I consider playing with poetry to be a very worthwhile entry point to your writing if you’re not a poet. You can experiment with several poems in a single workshop. The brevity of poetry doesn’t have the weight and heft of writing a novel or a full-length memoir! But it will enhance your writing of those bigger projects.

2 Are You Avoiding Working on a Particular Project?

Many people who come to our workshops say that they are there for accountability. If left to their own devices they will garden or do the laundry or surf the Net—anything that provokes less anxiety than actually writing. (In fact, both James and I sometimes cleverly use this avoidance of writing to get distasteful chores done around the house!)

I have found that writing in community is an effective way to support myself in getting my butt in the chair, even if it’s not a formal workshop and I don’t share what I’ve written. If I make a commitment to others to show up for my writing, I’m far more likely to do it than if I just say to myself, “I intend to work on my novel.”

Pyjama Writing is one of those ways. Every weekday morning—Monday to Friday, 7:30 to 8:30 a.m. Eastern Time—we host an hour of communal dedicated writing time. It’s free, and you don’t have to share your work if you don’t want to! I started these sessions almost three years ago to support a community of writers during the pandemic. Originally I used to work on my novel, but now I use it to do any writing that I have been avoiding. The presence of other writers, all quietly working on their projects, gives me that extra boost of energy—and accountability– to focus on mine. You can read participants testimonials about Pyjama Writing here and you can sign up (a week at a time) here.  You don’t have to show up every morning, but you will get an email reminder every day that week. It’s as simple as clicking on the Zoom link. Think of it like a “Yoo-Hoo!” from your Muse to come and write.

Many of the workshops I offer were originally developed as tricks to overcome my own resistance to writing. I discovered that the short exploratory sessions in Sanctuary are wonderful for producing new and surprising work in the early stages of a big project, but not as helpful in the later stages of writing, where my outline is solid, where a significant portion of the book is written, and where I’m completing a second draft.

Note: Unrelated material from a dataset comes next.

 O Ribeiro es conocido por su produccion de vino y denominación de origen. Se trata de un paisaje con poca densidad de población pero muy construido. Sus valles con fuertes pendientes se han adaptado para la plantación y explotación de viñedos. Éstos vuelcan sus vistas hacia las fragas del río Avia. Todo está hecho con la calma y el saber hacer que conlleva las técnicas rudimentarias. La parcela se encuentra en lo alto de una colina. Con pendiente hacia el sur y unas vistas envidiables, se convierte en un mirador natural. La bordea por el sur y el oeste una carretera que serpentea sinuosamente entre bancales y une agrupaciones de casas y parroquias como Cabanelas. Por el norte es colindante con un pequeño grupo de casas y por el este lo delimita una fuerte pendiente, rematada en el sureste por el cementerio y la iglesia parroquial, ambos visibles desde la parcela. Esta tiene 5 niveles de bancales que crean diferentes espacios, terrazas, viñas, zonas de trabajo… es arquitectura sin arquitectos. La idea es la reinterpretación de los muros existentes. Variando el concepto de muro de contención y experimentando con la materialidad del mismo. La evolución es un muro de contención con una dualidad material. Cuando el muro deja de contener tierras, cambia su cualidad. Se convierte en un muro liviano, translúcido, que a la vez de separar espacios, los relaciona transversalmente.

3 Do You Need to Get Focused, Productive Work Done on a Large Project over an extended time period?

 A Novel Approach to First Draft Fiction or Memoir is a 10-month program, beginning in September, where a small cohort of writers meet bi-weekly to develop and write a book-length project. Fiction Writers work with James, Memoirists work with Sue. We’ve been offering a Novel Approach for fifteen years now.  You can read all about it at this link.

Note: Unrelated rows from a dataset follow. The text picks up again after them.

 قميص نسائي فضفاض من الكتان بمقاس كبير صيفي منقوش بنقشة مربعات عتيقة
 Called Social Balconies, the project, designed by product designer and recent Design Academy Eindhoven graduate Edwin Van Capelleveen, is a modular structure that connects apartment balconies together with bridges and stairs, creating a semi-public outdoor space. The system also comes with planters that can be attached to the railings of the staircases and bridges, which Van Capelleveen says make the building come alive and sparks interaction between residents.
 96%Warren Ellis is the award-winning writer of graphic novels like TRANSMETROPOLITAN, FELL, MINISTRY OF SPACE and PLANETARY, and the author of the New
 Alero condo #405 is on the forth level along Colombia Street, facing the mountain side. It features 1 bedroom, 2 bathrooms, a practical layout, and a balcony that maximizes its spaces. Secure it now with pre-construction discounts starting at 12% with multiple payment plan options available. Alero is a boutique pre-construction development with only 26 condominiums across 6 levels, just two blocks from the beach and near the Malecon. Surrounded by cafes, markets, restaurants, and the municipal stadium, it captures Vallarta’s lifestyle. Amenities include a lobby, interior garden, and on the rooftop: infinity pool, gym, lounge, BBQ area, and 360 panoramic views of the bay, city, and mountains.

4 Do You Need More Focused Single Sessions to Work On A Project Already in Development?

For stand-alone sessions to make significant progress, I developed The Headway Project. In these two hour sessions (restricted to just four writers and me) I offer open ended prompts suitable for any kind of project (and as always, they’re optional—you can use them or not). Headway sessions are a great option if you’re having difficulty motivating yourself.

During the first half some participants spend the concentrated hour writing new work for a particular project. Other writers use that time to focus on revising or editing.

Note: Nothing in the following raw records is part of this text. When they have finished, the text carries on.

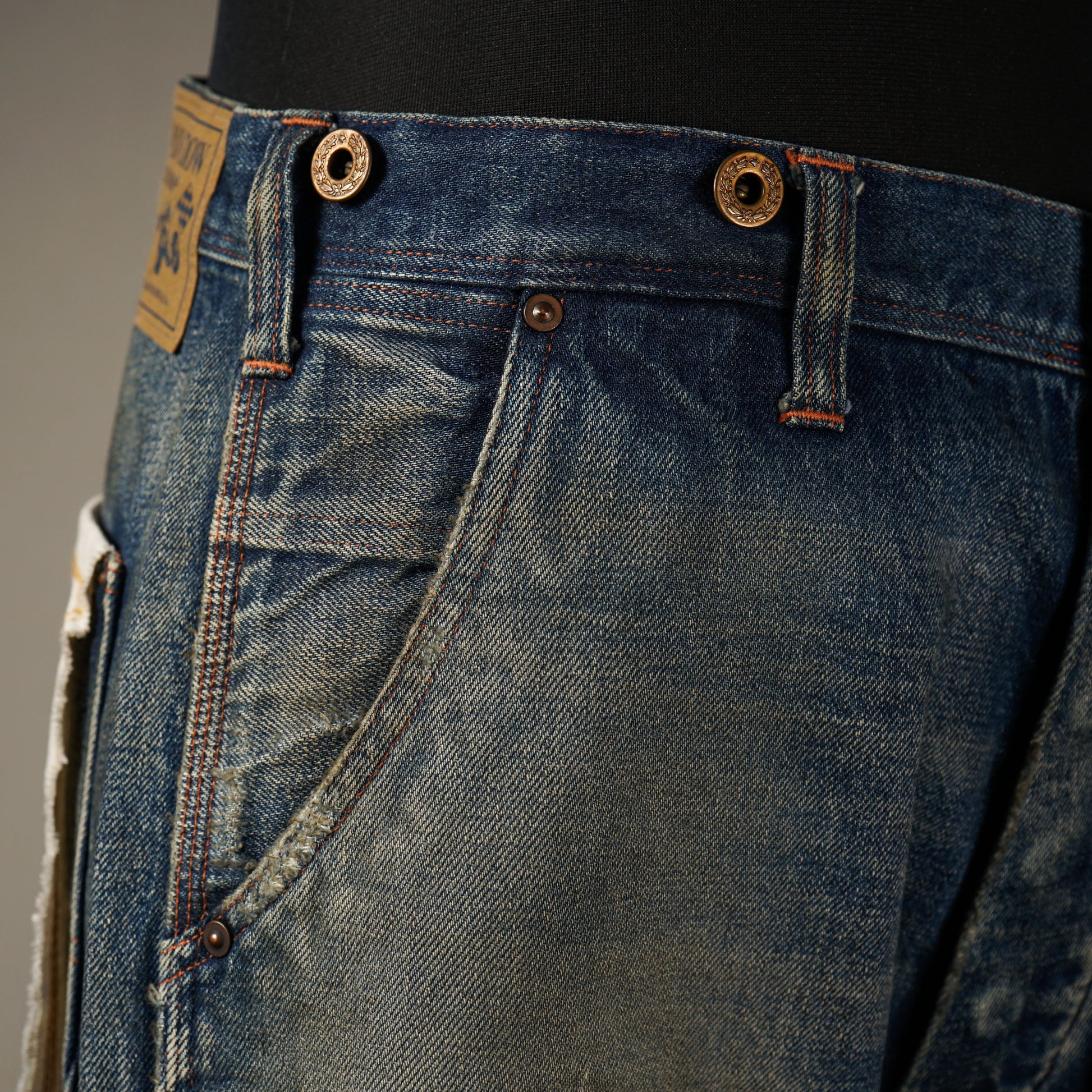 50年代のペインターパンツをベースにデザイン。 ヴィンテージの魂と現代の感性が融合した無骨でありながら洗練されたデニムは、古き良きアメリカンワークウェアをリスペクトし、時代を超えた男らしさを感じさせる仕上がり。履き込むごとに体に馴染み、自分だけの表情を持つ一本へと進化していく。
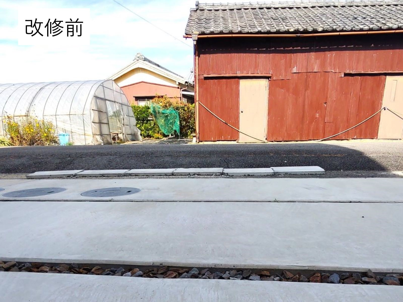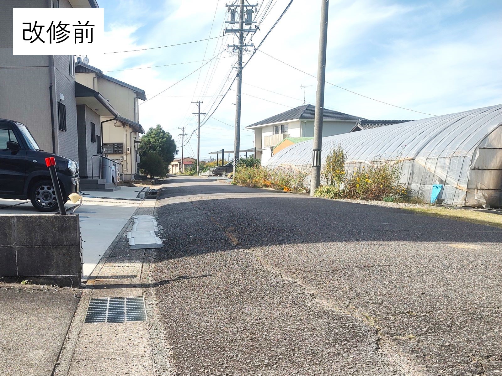 市道の路面排水の勾配を残しつつ、市道と側溝との高低差が解消されました。側溝上に重ねていた甲蓋も取り除かれて、スムーズな車両の出入りができます。
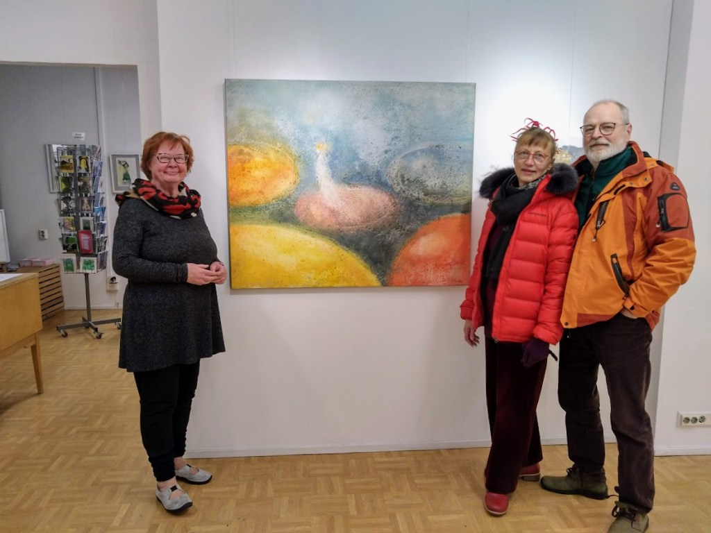 Tänään on juhlapäivä, kun Terttu ja Immo tulevat hakemaan tilaustyön. Jännittää, sillä he ovat nähneet sen vain valokuvassa. Vakuutin, ettei tarvitse lunastaa, jos se ei miellytä. En todellakaan pidä tilauksista, sillä ne aiheuttavat paineita. Kirjaston Puuteripölyä näyttely jatkuu loppiaiseen asti. Sen jälkeen en tiedä, mihin ryhdyn seuraavaksi.
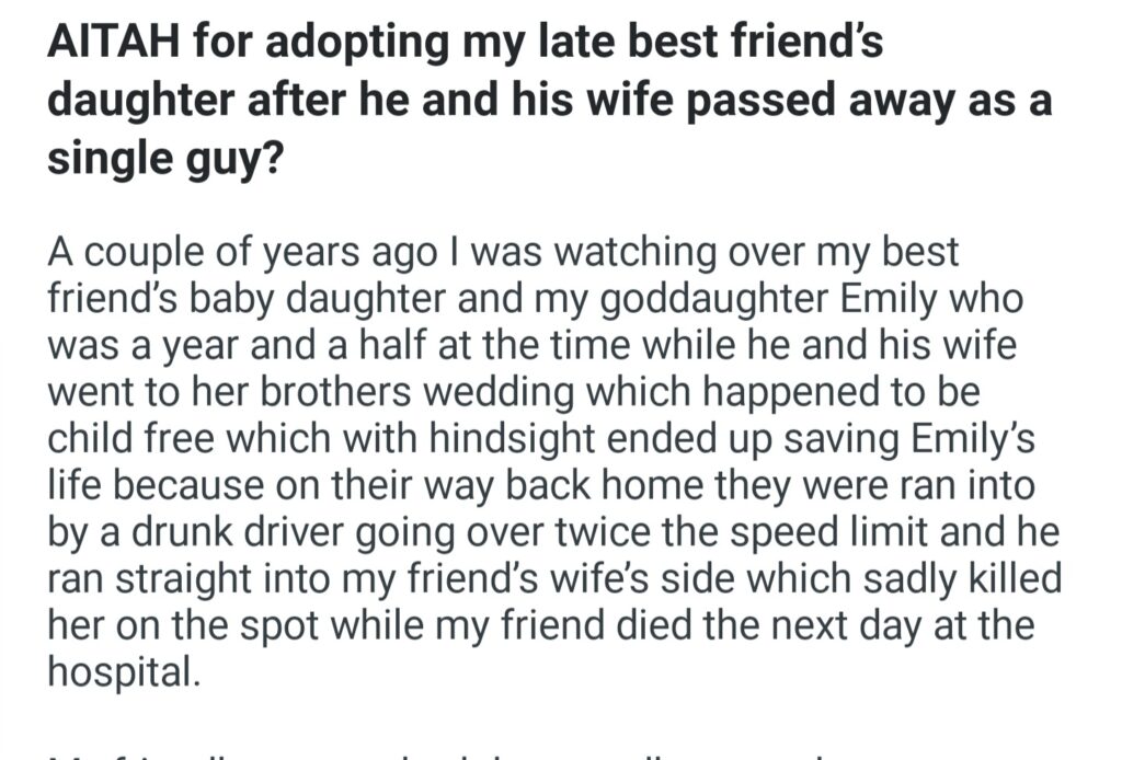 AITAH For Adopting My Late Best Friend’s Daughter After He And His Wife Passed Away As A Single Guy

During the second hour you will share a chunk of what you just worked on with your colleagues and receive motivating feedback about what’s strong in what you just produced. If you have a specific question or concern about it, you can also ask for targeted feedback.  Does this character seem one dimensional or are they more complex? How is the pacing in this section? What do you think this poem is actually about?


Negotiating your relationship with your writing can feel like a game of Snakes and Ladders. But with the right support at the right time, it can instead be a pleasurable game of skill—a game of craft—Writers’ Craft!